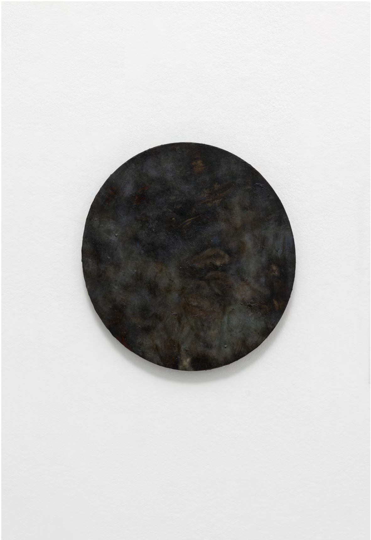
Jinn Bronwen Lee Goat Song (Tragos & Oide) , 2024 Oil on canvas 31 x 33,5 cm
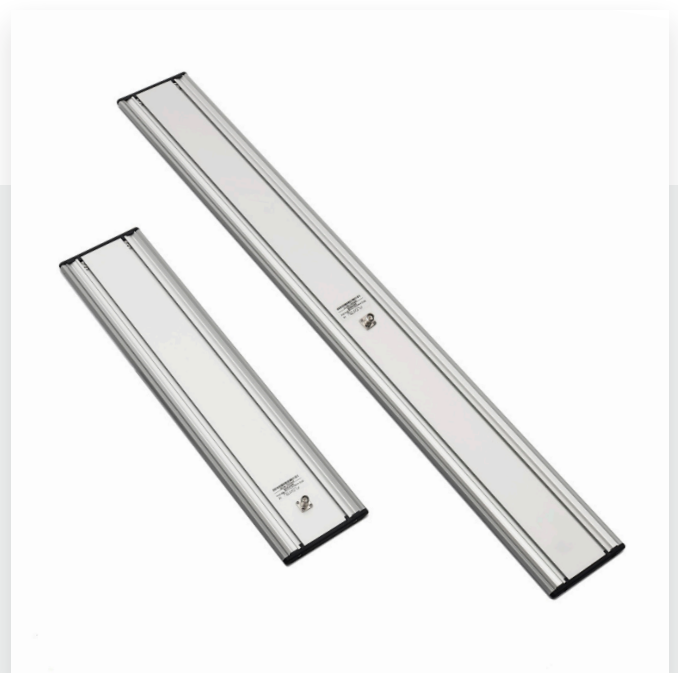
SFR4 back side
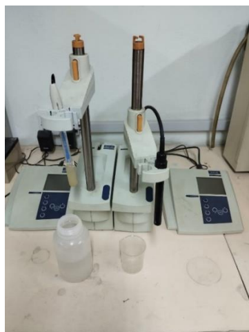
Electrical Conductivity & pH meter
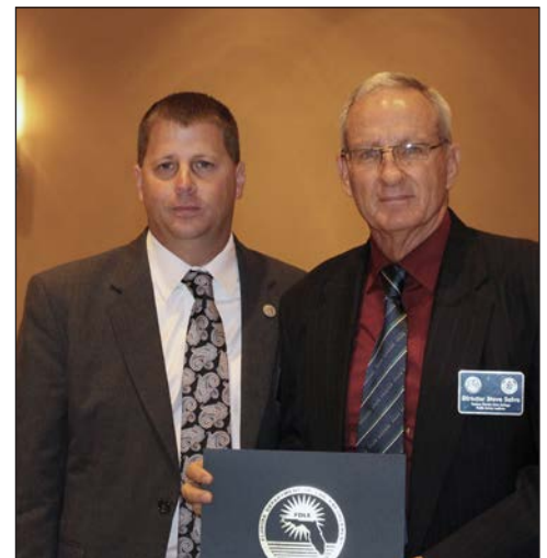
Eastern Florida State College, Public Safety Institute
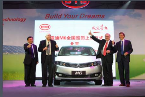
Visits of Warren Buffet, Charles Thomas Munger and Bill Gates

On September 27, 2010, Warren Buffet, Charles Thomas Munger and Bill Gates traveled thousands of miles to China, paying a four-day visit to BYD.
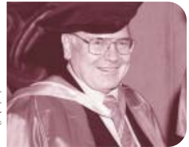
Photography by Woolf
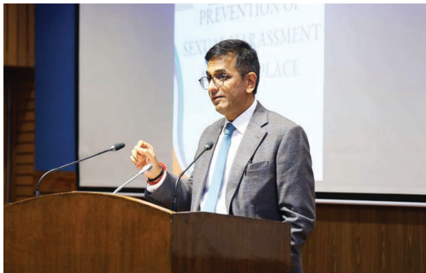
Dr D Y Chandrachud, Chief Justice of India, addressing the participants at GSICC training on 19 January, 2024
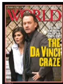
The Da Vinci craze May. 20, 2006
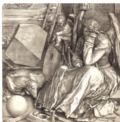
THE PRINTS OF ALBRECHT DÜRER: MASTERWORKS FROM THE COLLECTION Opens December 17 Ahmanson Building
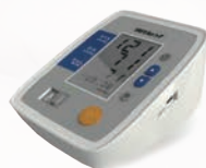
> WIT-B300B: Bluetooth Small size

---

REQUIRED ACTION: The answer must be an exact copy of the records above, with the pictures left out.

EXERCISE SOLUTION:
Jinn Bronwen Lee Goat Song (Tragos & Oide) , 2024 Oil on canvas 31 x 33,5 cm
SFR4 back side
Electrical Conductivity & pH meter
Eastern Florida State College, Public Safety Institute
Visits of Warren Buffet, Charles Thomas Munger and Bill Gates

On September 27, 2010, Warren Buffet, Charles Thomas Munger and Bill Gates traveled thousands of miles to China, paying a four-day visit to BYD.
Photography by Woolf
Dr D Y Chandrachud, Chief Justice of India, addressing the participants at GSICC training on 19 January, 2024
The Da Vinci craze May. 20, 2006
THE PRINTS OF ALBRECHT DÜRER: MASTERWORKS FROM THE COLLECTION Opens December 17 Ahmanson Building
> WIT-B300B: Bluetooth Small size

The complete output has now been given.